IDPs and IDRs carry out molecular recognition,49 and disorder predictors have been used to identify specific IDP and IDR loci that bind to globular protein partners.50 IDR‐located binding sites have been identified by disorder prediction,34, 51, 52 and, alternatively, by linear sequence motifs.53, 54, 55 Globular protein partner binding by IDPs and IDRs is common across the three domains of life.56 These prediction‐based studies have focused on short segments (5–15 residues in length) located within longer IDRs or even within IDPs.

Much longer IDRs (≥20–30 residues in length) bound to globular protein partners, and the previous work on conserved‐sequence disorder41 shows that such regions have conserved functions, conserved sequences, and conserved disorder, and therefore, by analogy to structured domains, such IDPs or IDRs were called disordered domains.57 An especially interesting disordered domain example is found in p27^kip1, p21^{Waf1/Cip1/Sdi}, and p57^kip2.58, 59, 60 All three of these proteins have domains that are entirely disordered by both prediction and experiment and play similar key regulatory roles in controlling the cell cycle.

Like p27^kip1 and its homologues, many Pfam domains contain sequences with 100% predicted intrinsic disorder.57, 61, 62 It is noteworthy that the Pfam database recently added “disordered” as a specific entry type,10 suggesting that the definition of protein domains should now also include those that are intrinsically disordered.

In the current work, we analyzed the sequences, the induced structures, and the functions for a set of Pfam disordered domains to explore their sequence–disorder–function relationships. The results presented herein highlight interesting distinctions between disordered and structured domains and improve our understanding of protein sequence–disorder–function relationships.

2. RESULTS

2.1. Analysis of probable disordered domains

The workflow for analysis of probable disordered domains (PDDs) is shown in Figure 1. As indicated in Section 4, 206 PDDs were obtained based on the set of PDD seed sequences from a previous study.61 First, as indicated in Figure 1 on the left, the homologues to the PDD sequences were collected, giving a total of 19,577 sequences. These homologues were collected from the seed proteins for each Pfam domain having at least one PDD sequence. These homologues in the seed alignment were used to correlate sequence conservation with predicted disorder and to investigate the sequence–disorder relationships. Not used here are the many additional homologous sequences matching the full alignment that could have been found by application of the hidden Markov model predictors developed for each Pfam domain; if such domains were included, the number of PDDs could be greatly increased. Next, as indicated in Figure 1 on the right, 2,548 different structures from 110 domains were collected for members having available structures in PDB. Their likely mechanisms of disorder‐to‐structure transition were examined to further investigate disorder–function relationships.

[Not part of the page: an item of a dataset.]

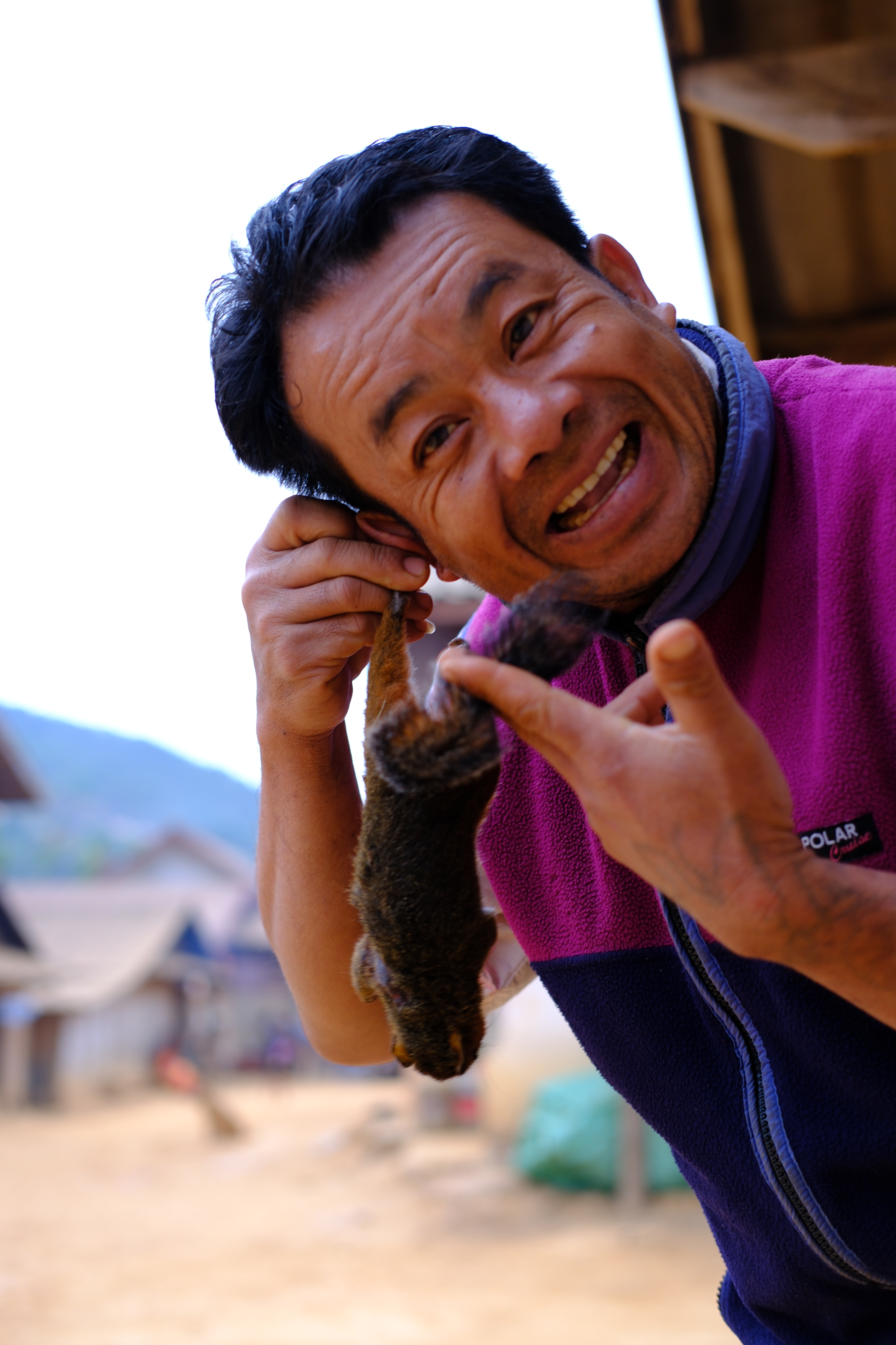 Je ne savais pas encore à ce moment là que j’étais tombée sur le Antoine de Maximy local, le roi du freestyle, qui chaque nuit cherche un endroit dans les villages khmu et hmong où nous arrivons pour dormir et ne prévoit aucun repas (heureusement que j’aime le sticky rice, servi matin – midi et soir et si pratique à emporter en rando).

Workflow for analysis of probable disordered domains in Pfam database

2.2. Sequence–disorder relationships: Unexpected wide range of predicted disorder/structure among homologous sequences

Disorder prediction was applied to all the collected seed members for the PDDs. It was expected that the additional homologous sequences of the PDD seeds would also show highly predicted disorder. Such a result was indeed commonly observed (Figure 2a), with 78 (38%) of the Pfam domains having predicted disorder (defined by an average vsl2b score >0.6 for all of the associated seed proteins, and with an additional 69 (33%) of the Pfam, having predicted disorder PDD for more than half of the seed proteins and with substantial predicted disorder in most of the remaining seed proteins (see Section 4 and Figure S1 for more details). Thus, a total of 147 (71%) Pfam domains were found to be all or mostly predicted‐to‐be‐disordered as expected. Totally unexpected was that finding that four Pfam domains (2%) were found to contain equal numbers of predicted to be disordered and predicted to be structured members and that 55 Pfam domains (27%) were found to contain mostly predicted‐to‐be‐structured members with only a few predicted disorder members (Figure 2a).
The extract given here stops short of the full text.